> Prompt:
Please reproduce the entries exactly, skipping each picture.

[Stored items]
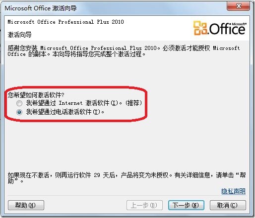 1、在激活向導頁選擇“我希望通過電話激活軟件”
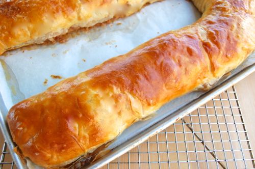 Bake at 400 for a total of about 40 minutes (check it and rotate it at 20 and 30 minutes to keep an eye on the progress). You want it nice and dark brown. The reason I recommend high heat is because you want to brown it reasonable quickly. If the filling gets very hot all the way through you’ll generate steam and the filling will burst out the sides. The high heat will brown the strudel without getting it too hot in the center.
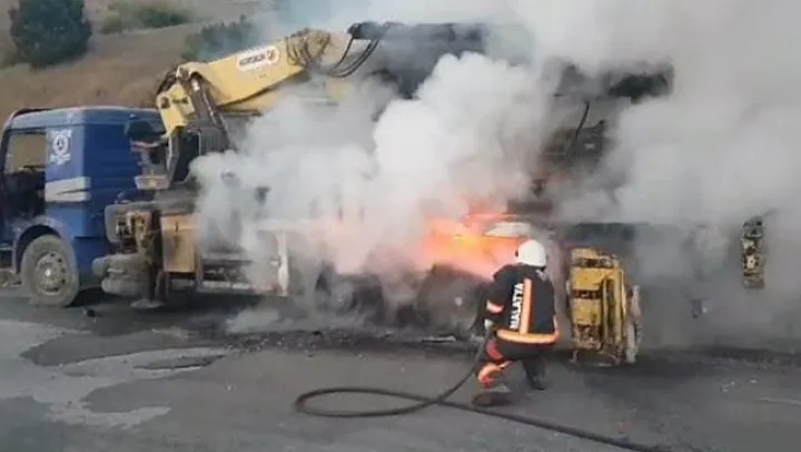 Edinilen bilgilere göre, Malatya istikametine seyir halinde olan iş makinesi taşıyan çekicinin dorsesin de henüz bilinemeyen bir nedenden dolayı yangın çıktı. Yangını fark eden sürücü aracı yol kenarına çekerek itfaiye ekiplerine haber verirken, kısa sürede olay yerine intikal eden ekipler yangını kontrol altına alarak söndürdü.
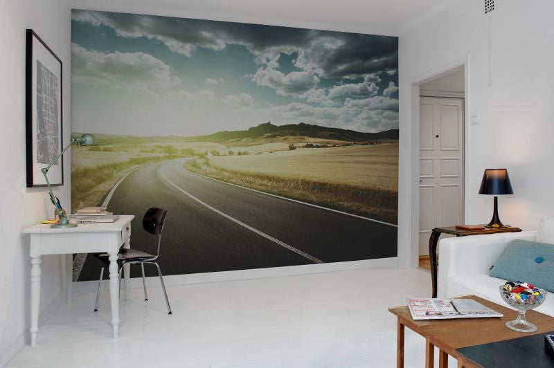 An open road stretches toward the horizon in this serene mural. "Road Wallpaper | Rebel Walls" evokes freedom and depth. #modernwallart #homedecorstyle #statementwalls
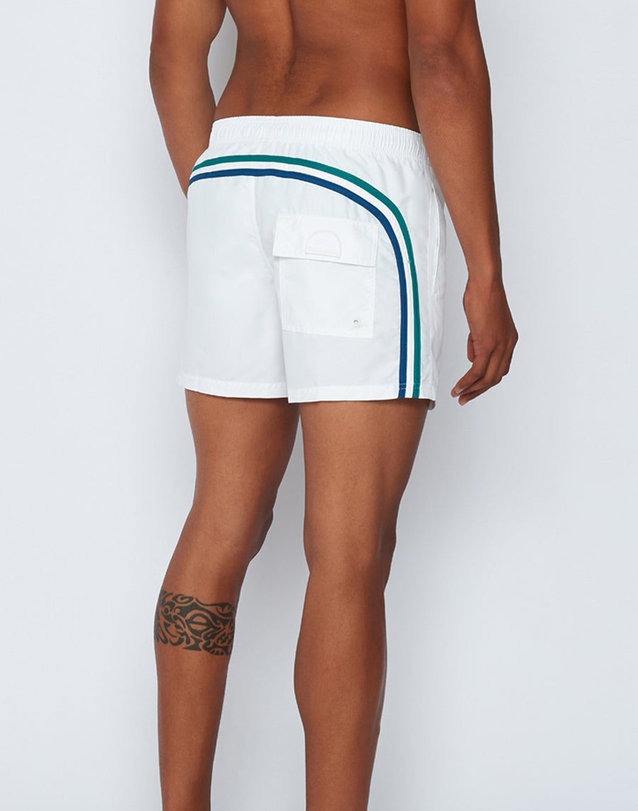It's fun, it's bright, and it loves the environment: the rainbow men's swimsuit is made from REPREVE® polyester made from recycled plastic bottles. Sustainability and performance go hand in hand because it is a lightweight fabric that dries quickly. In addition, the three-needle stitching that finishes the pattern ensures durability. To pack right away.
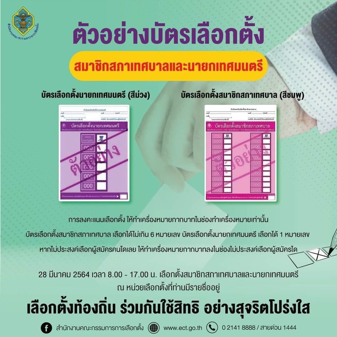 ตัวอย่างบัตรเลือกตั้งสมาชิกสภาเทศบาลและนายกเทศมนตรี ในวันอาทิตย์ที่ 28 มีนาคม 2564
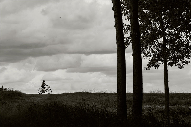 Mi piace per l'utilizzo di terra ed alberi a definire un riquadro nel quadro, una sorta di spazio circoscritto, nel quale individui solo la persona in bici che si staglia sulle nuvole...mi ha ricordato un po' la scena di ET quando i ragazzini in bici si alzano pedalando verso il cielo.
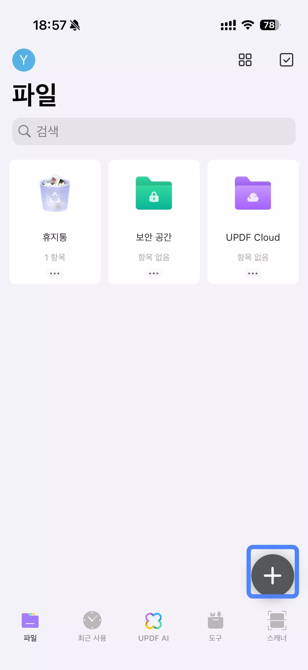 UPDF 앱을 엽니다. 홈 화면에서 "+" 기호를 탭한 후 '파일' 또는 'PDF 만들기'를 클릭합니다. PDF 계획 템플릿을 선택한 후 "열기"를 클릭하여 편집을 시작합니다.
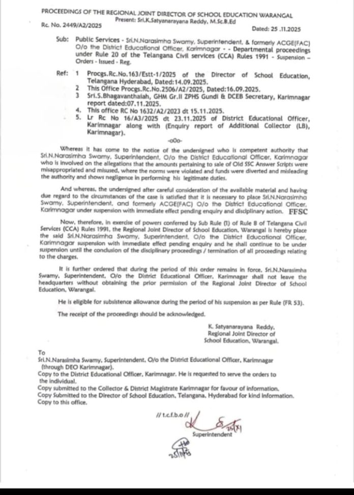 కాకతీయ, కరీంనగర్ : కరీంనగర్ జిల్లా విద్యాశాఖలో 10వ తరగతి మూల్యాంకనం పేపర్లు అమ్మకాలు, అవినీతికి పాల్పడ్డారన్న ఆరోపణలతో అప్పటి ఏసీజీఈ, ప్రస్తుత సూపరింటెండెంట్ నరసింహ స్వామి సస్పెండ్ అయ్యారు. వివాదాస్పద వార్తలు పత్రికల్లో వెలువడిన నేపథ్యంలో శాఖాపరమైన విచారణ చేపట్టి వరంగల్ ఆర్ జేడీ ఆదేశాల ప్రకారం సస్పెన్షన్ ఉత్తర్వులు జారీ చేశారు.
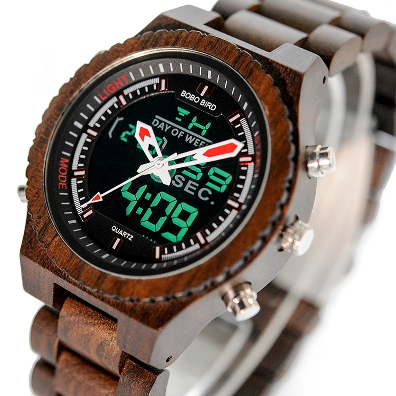 Comprar BOBO BIRD LED Digital de madera reloj hombres Dual Display relojes de cuarzo hombre relogio masculino en caja de regalo de Bambú w P02 Online Baratos.

> Written answer:
 1、在激活向導頁選擇“我希望通過電話激活軟件”
 Bake at 400 for a total of about 40 minutes (check it and rotate it at 20 and 30 minutes to keep an eye on the progress). You want it nice and dark brown. The reason I recommend high heat is because you want to brown it reasonable quickly. If the filling gets very hot all the way through you’ll generate steam and the filling will burst out the sides. The high heat will brown the strudel without getting it too hot in the center.
 Edinilen bilgilere göre, Malatya istikametine seyir halinde olan iş makinesi taşıyan çekicinin dorsesin de henüz bilinemeyen bir nedenden dolayı yangın çıktı. Yangını fark eden sürücü aracı yol kenarına çekerek itfaiye ekiplerine haber verirken, kısa sürede olay yerine intikal eden ekipler yangını kontrol altına alarak söndürdü.
 An open road stretches toward the horizon in this serene mural. "Road Wallpaper | Rebel Walls" evokes freedom and depth. #modernwallart #homedecorstyle #statementwalls
It's fun, it's bright, and it loves the environment: the rainbow men's swimsuit is made from REPREVE® polyester made from recycled plastic bottles. Sustainability and performance go hand in hand because it is a lightweight fabric that dries quickly. In addition, the three-needle stitching that finishes the pattern ensures durability. To pack right away.
 ตัวอย่างบัตรเลือกตั้งสมาชิกสภาเทศบาลและนายกเทศมนตรี ในวันอาทิตย์ที่ 28 มีนาคม 2564
 Mi piace per l'utilizzo di terra ed alberi a definire un riquadro nel quadro, una sorta di spazio circoscritto, nel quale individui solo la persona in bici che si staglia sulle nuvole...mi ha ricordato un po' la scena di ET quando i ragazzini in bici si alzano pedalando verso il cielo.
 UPDF 앱을 엽니다. 홈 화면에서 "+" 기호를 탭한 후 '파일' 또는 'PDF 만들기'를 클릭합니다. PDF 계획 템플릿을 선택한 후 "열기"를 클릭하여 편집을 시작합니다.
 కాకతీయ, కరీంనగర్ : కరీంనగర్ జిల్లా విద్యాశాఖలో 10వ తరగతి మూల్యాంకనం పేపర్లు అమ్మకాలు, అవినీతికి పాల్పడ్డారన్న ఆరోపణలతో అప్పటి ఏసీజీఈ, ప్రస్తుత సూపరింటెండెంట్ నరసింహ స్వామి సస్పెండ్ అయ్యారు. వివాదాస్పద వార్తలు పత్రికల్లో వెలువడిన నేపథ్యంలో శాఖాపరమైన విచారణ చేపట్టి వరంగల్ ఆర్ జేడీ ఆదేశాల ప్రకారం సస్పెన్షన్ ఉత్తర్వులు జారీ చేశారు.
 Comprar BOBO BIRD LED Digital de madera reloj hombres Dual Display relojes de cuarzo hombre relogio masculino en caja de regalo de Bambú w P02 Online Baratos.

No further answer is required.